The primary objective of an ontology is to share the knowledge it represents [1]. Some of the significant uses of an ontology are [3]:

i. An ontology provide a shared understanding of domains;

ii. An ontology is useful to represent and to facilitate the sharing of domain knowledge between human and automatic agents;

iii. An ontology can be used for organizing and navigating websites;

iv. An ontology is useful for improving the accuracy of search queries. The search engines can exploit the information generalization and/ or specialization.

3.5 Logic and Ontology Language

Logic is a branch of philosophy.
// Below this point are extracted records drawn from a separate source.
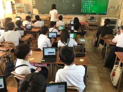 インターネット回線の負荷をさけるため、学校では使用学年や学級を分散して取り組みをしています。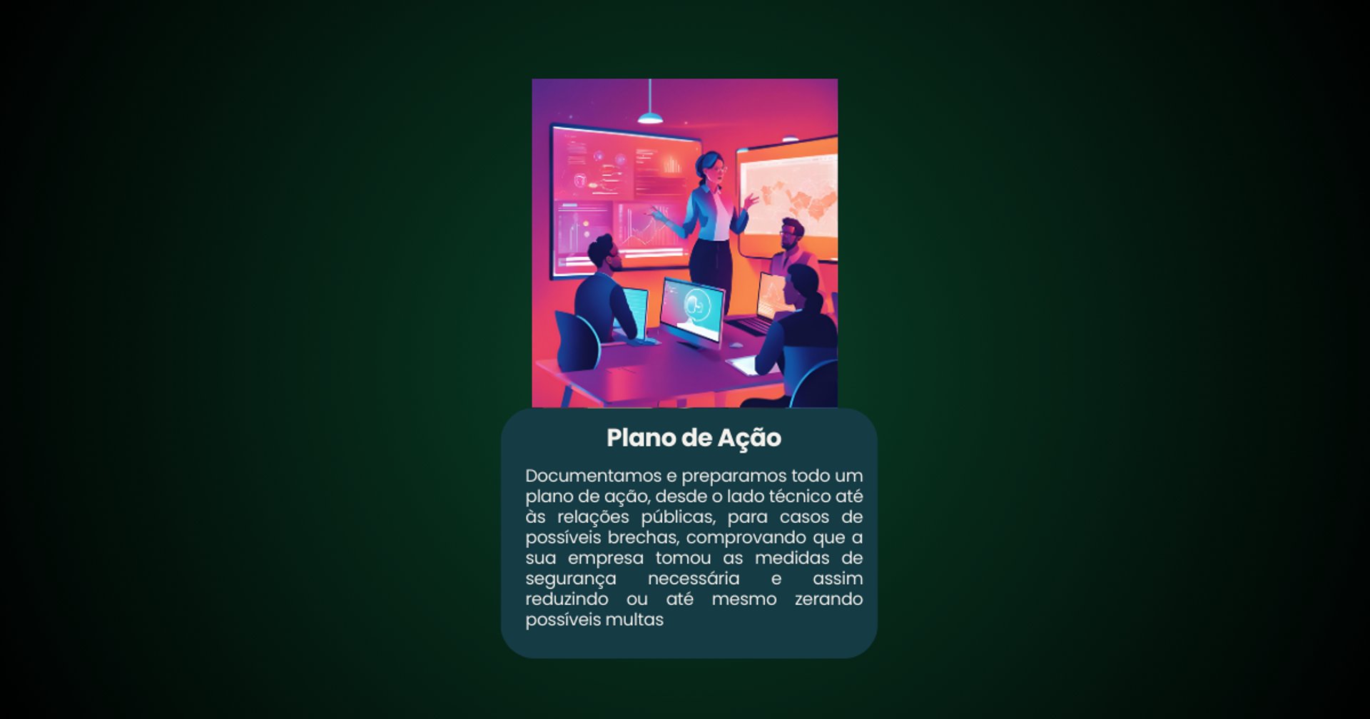Documentamos e preparamos todo um plano de ação, desde o lado técnico até às relações públicas, para casos de possíveis brechas, comprovando que a sua empresa tomou as medidas de segurança necessária e assim reduzindo ou até mesmo zerando possíveis multas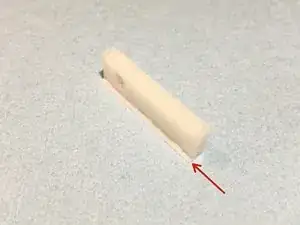 Установите напечатанную проставку между направляющей и деревом. Убедитесь, что небольшой выступ проставки расположен на плоском наружном крае направляющей (стрелка). Переустановите ящик и проверьте работу.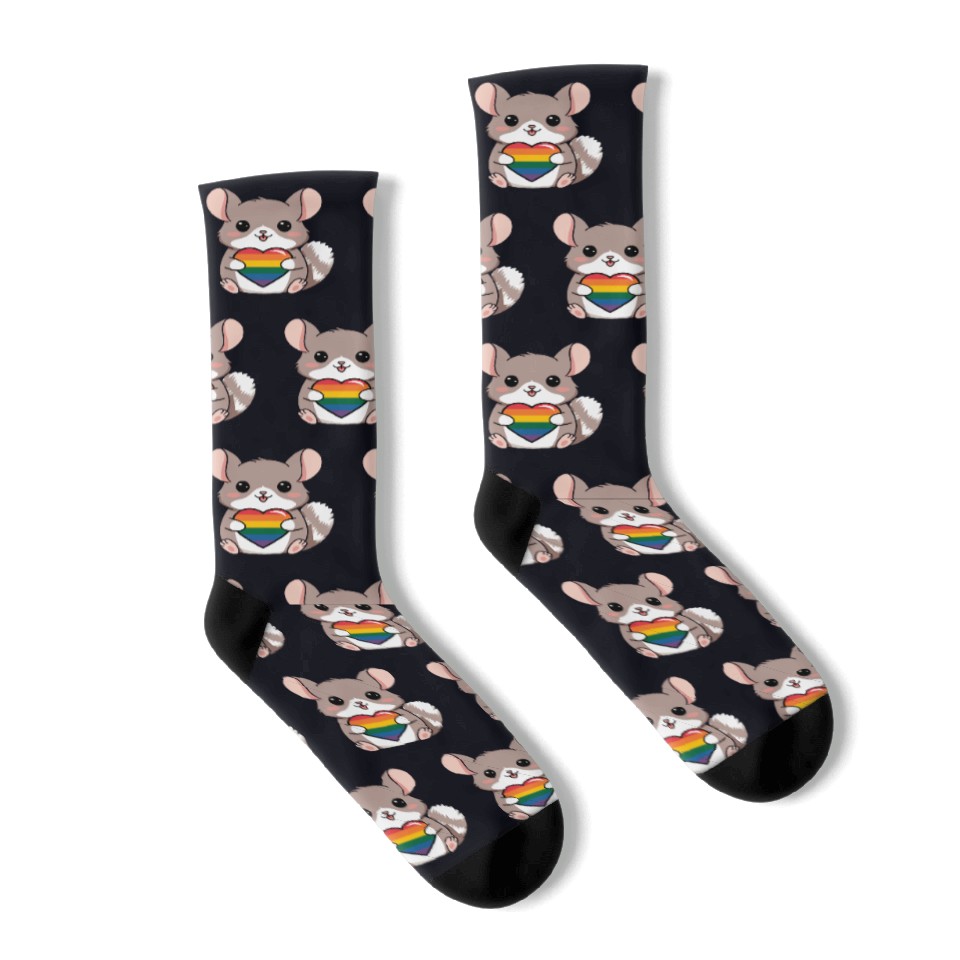 Own fascinating LGTBQ Chinchilla Holding Rainbow Heart Cute Pride Socks or see more Socks products now from Printblur shop to enjoy your shopping time!

Logic is not about the study of a truth, instead it is about the truth of a statement in relationship to another statement. In representing knowledge, logic plays an important role. Logic is primarily concerned with the study and valid use of reasoning. Logic helps in establishing the consistency and correctness in the data sets and to infer new piece of knowledge that are not explicitly stated but are required by or consistent with a known data sets. Logics can be characterized as follows [3, 8]:

i. Language: logic provides a high-level language in which knowledge can be expressed in a transparent way and will have a high expressive power.

ii. Formal semantics: logic has a well-understood formal semantics, which assigns an unambiguous meaning to logical statements.

iii. Reasoning: automated reasoners can deduce conclusions from the given knowledge, thus making implicit knowledge explicit. For example:

a. X is a bear

b. a bear is a Mammal

c. a Mammal has fur Therefore, X has fur.

iv. Inferred knowledge explanation: with the proof systems, it is possible to trace the proof that leads to a logical consequence. In this sense, we can say that logics can provide the explanations for the inferred knowledge.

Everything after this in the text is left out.